For me, the highlights of our hour-long intro tour of just two of the seven floors were the rooms with wraparound scenic wallpaper – one with Chinese vernacular scenes of the 1700s, above — and the big blowsy flower arrangements, specifically required by H.F. in his will.
We took a tram tour of the grounds, which are gorgeous — all rolling hills and meadows with grazing sheep and ancient cherry trees and sycamores. As an arboretum, Winterthur is unsurpassed, but overall, the experience paled in comparison to yesterday’s exhilarating visit to Chanticleer.

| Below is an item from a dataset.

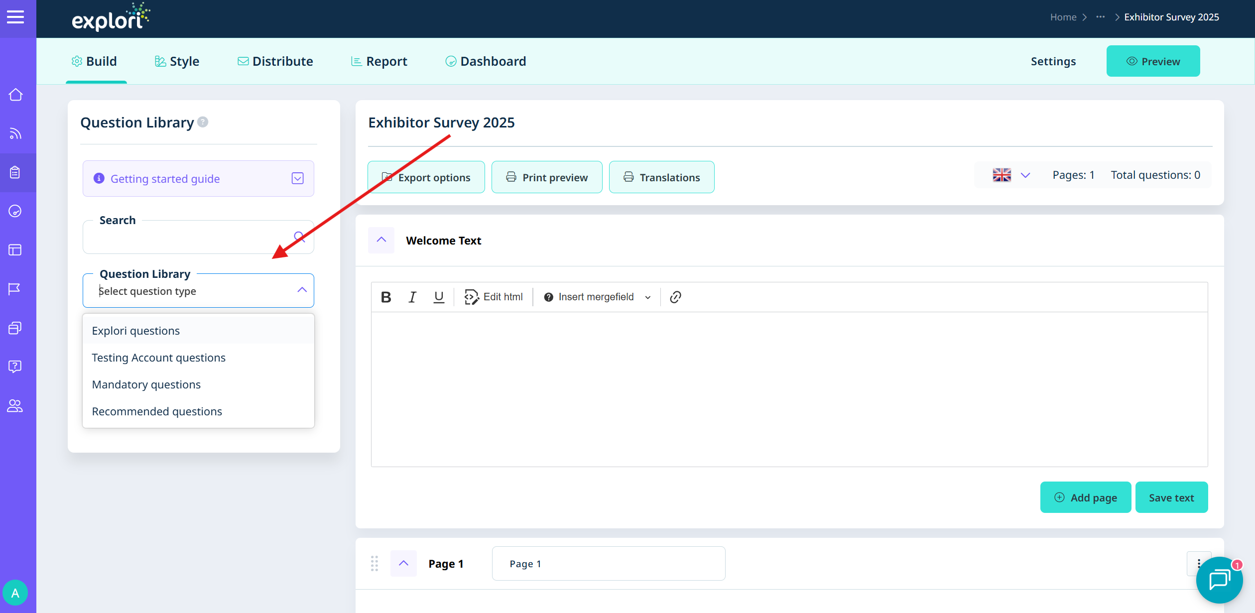 To add a question from the Question Library, select one of the options from the drop down. You can search for a question in the search box or select a question from the list. Then drag and drop the question onto the relevant page in the survey.

Returning to Philly in the late afternoon, we drove up to Fishtown for a look around, and had a beer at Standard Tap (I’m not much of a beer drinker, but the beers at this place are all local and on draft). We had dinner, on my son Max’s recommendation, at Southwark in Queen Village, a civilized change from the noise and madness we encountered the night before at El Vez, Steve Starr’s gimmicky, wildly popular Mexican restaurant in Center City.
We’re camped at Le Meridien, a sleek two-week-old hotel in a 10-story Georgian Revival building that has been done up by the Starwood chain in mod Eurostyle, top, above, and below. It’s fun walking into the lively lobby bar and reception area, where the building’s original carved decoration is set off by crisp 21st century furnishings, dramatic lighting, and abstract art. The hotel’s location couldn’t be more central – it’s right behind City Hall and next to the park with Robert Indiana’s famous LOVE sculpture.
I’m looking forward to tomorrow: a visit to several small private gardens in the Mt. Airy section, where I’ve never been (participants in the Garden Conservancy’s Open Days program), and a final stop at Greensgrow Farms in Kensington on the way back up 95, where I hope to find some out-of-the-ordinary annuals.